This is a bug in TV Pack. The guide will become corrupt, and scheduled recordings stop taking place. Until a patch is released by MSFT, your only option is to completely go through TV setup again. Even then, there's no guarantee that the guide won't become corrupt again.
aaronp:.... I think S3 standby in Vista is still quite buggy and unreliable. I've had problems on 2 different computers with 3 different video cards. Aaron
I have to disagree. As long as you have reasonably new hardware and BIOS (bug-free ACPI support), and the latest of any manufacturers' drivers, S3 sleep works very reliably, with no need for any standby tool. I accept that some manuafcturers' drivers are worse than others - for example when I had a Hauppauge tuner card it would rarely sleep on idle (and they acknowledged the bug), but with BlackGold everything works superbly. Sleep wake sleep wake, wake to record, sleep after record, away mode when recording, then sleep after that, correct sleep on idle, etc.

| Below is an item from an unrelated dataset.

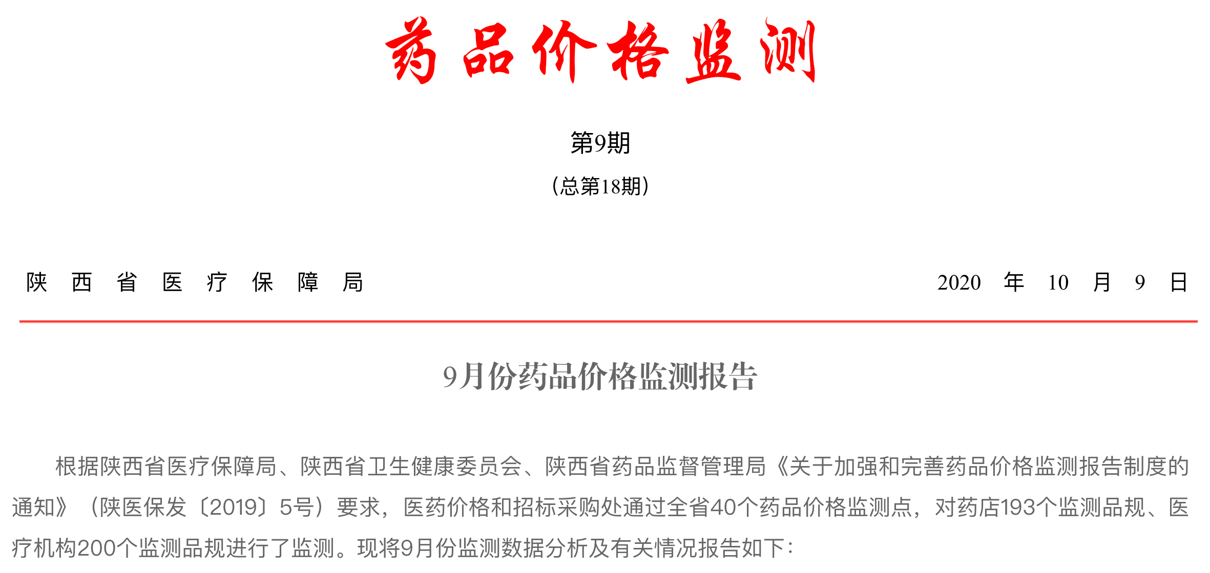 为进一步做好药品价格监测工作,陕西省医保局、陕西省卫健委、陕西省药监局三部委在2019年4月发布《关于加强和完善药品价格监测报告制度的通知》,旨在通过建立健全药品价格监测体系和加强药品价格监测数据分析,来引导市场价格合理形成,维护市场价格秩序。

I would however say that when I tried TV Pack it did screw that reliability completely. At least in my experience.
The problem with Media Center is that everybody's experience is so different. That's not a bug, but a bit of a general Windows architectural flaw in my opinion. Maybe too much is delegated down to drivers.
JB
aaronp:Control Panel - Administrative Tools - Event ViewerLook at the System and Media Center logs for that time span, maybe there are some clues. I think S3 standby in Vista is still quite buggy and unreliable. I've had problems on 2 different computers with 3 different video cards.
In my experience with the TV Pack guide corruption bug, there would be no evidence in Event Viewer of missed recordings. The recordings would show up in my scheduled recordings list for that day, and when the time would come for the PC to wake and record, nothing happened. No errors, no warnings, no crash files generated, no Media Center log entries created noting missed recordings or scheduling conflicts -- it'd just miss the recording.
And I agree with the previous commenter. With fairly new hardware, S3 in Vista is very reliable. The only problems I've had involved the PC randomly waking at unwanted times when I played around with installing WebGuide.
Well I guess that qualifies as fairly new hardware.
For what it's worth, my setup (full-time HTPC) is an Asus M2A-VM Mobo, AMD Sempron, and integrated ATI X1250 graphics. I switched to the Asus about a year ago that from a 3 year old Gigabyte Mobo, because I did have S3 sleep problems with that, and was as frustrated as you are now! Also, AMD and ATI are one and the same, and the Asus was an AMD accredited/approved socket AM2 Mobo, so I was fairly sure it would all work together, and it does.
I've got all the latest drivers, but it's worth saying that with standard 'Windows update' audio driver sometimes I'd have problems with either no-sound or distorted sound after wake-up, but with the latest RealTek driver from their website there are no such problems. With very early Catalyst drivers there were also problems with the screen not coming on after wake, but they've all been long-since fixed by ATI.
I guess if there are 'bugs' in the Vista S3 sleep process, then it's in the way it allows drivers to 'break the rules', or at least not do things Microsoft were expecting them to do - otherwise I can't see how everybody's experience is so different.
I wish there was single point of reference for 'Green-Button-User accredited' hardware and drivers, where everyone can rely on it working in the real World, and not just on the manufacturer's say-so.